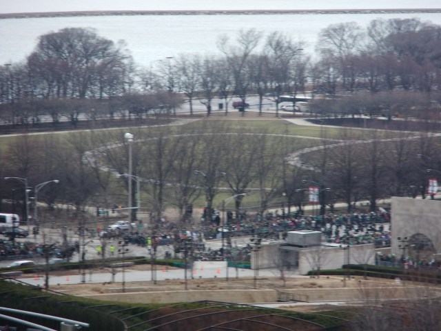 On March 12, lots of people congregated at The Bean, while others were hurrying to the parade that would start a block away.
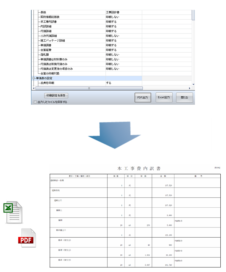 ボタンひとつでPDF、Excelファイルに出力できます。Excel変換機能を有料オプションとしているソフトもありますが、「頂」では標準装備。発注者様式にあわせた柔軟な印刷設定も可能です。
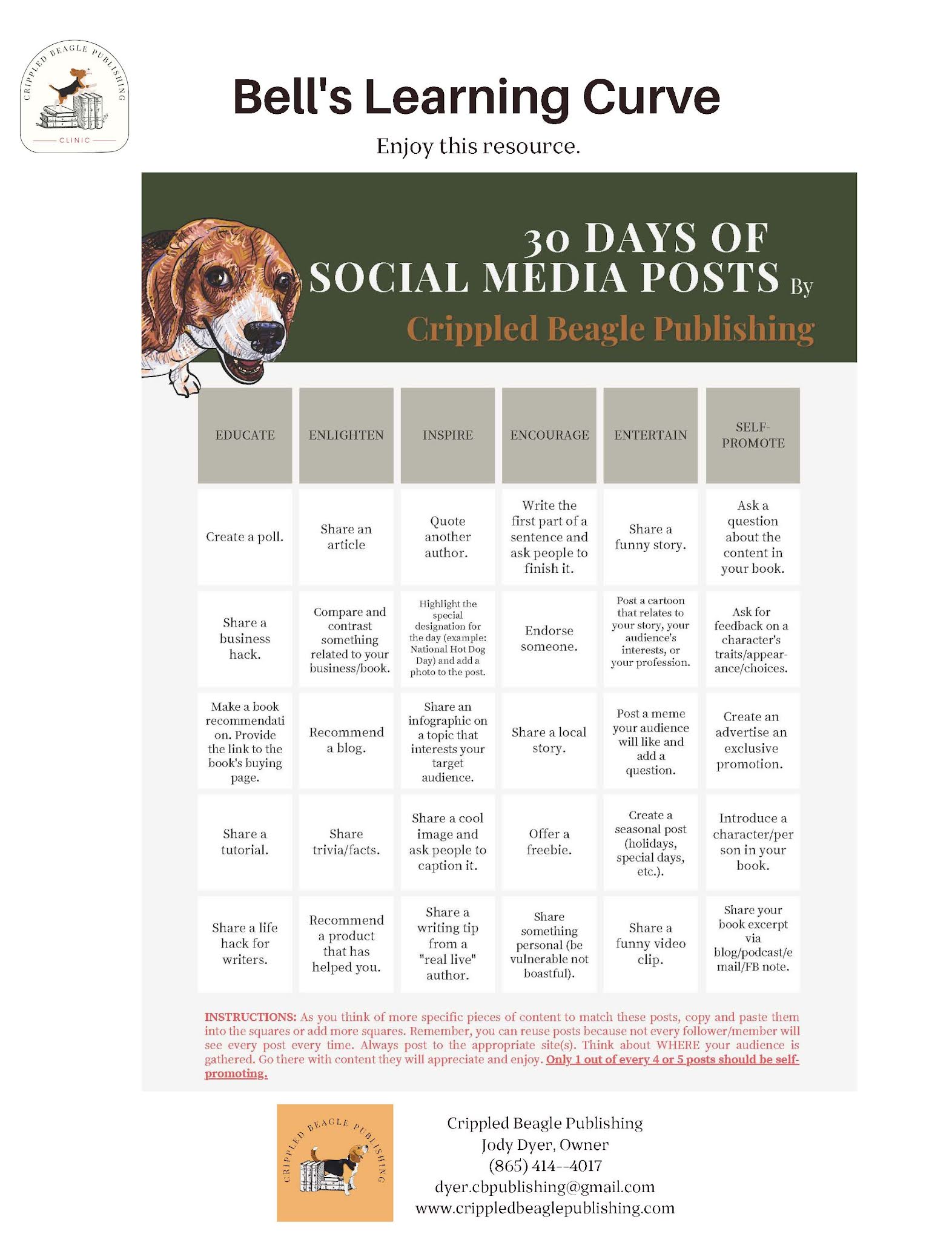 Stay in the Crippled Beagle Publishing loop. Follow me, Jody Dyer, and my business on Facebook, Instagram, LinkedIn, and Pinterest. Simply search CRIPPLED BEAGLE PUBLISHING. If you'd like to receive weekly tips and inspiration on writing, editing, publishing, and marketing books, email me: jody@crippledbeaglepublishing.com.

══════════

▶ Work instruction:
Nothing but the lines from the line with "ボタンひとつでPDF、Exc" through the end of the listing should appear in the answer, each duplicated exactly, without pictures.

▶ Exercise response:
 ボタンひとつでPDF、Excelファイルに出力できます。Excel変換機能を有料オプションとしているソフトもありますが、「頂」では標準装備。発注者様式にあわせた柔軟な印刷設定も可能です。
 Stay in the Crippled Beagle Publishing loop. Follow me, Jody Dyer, and my business on Facebook, Instagram, LinkedIn, and Pinterest. Simply search CRIPPLED BEAGLE PUBLISHING. If you'd like to receive weekly tips and inspiration on writing, editing, publishing, and marketing books, email me: jody@crippledbeaglepublishing.com.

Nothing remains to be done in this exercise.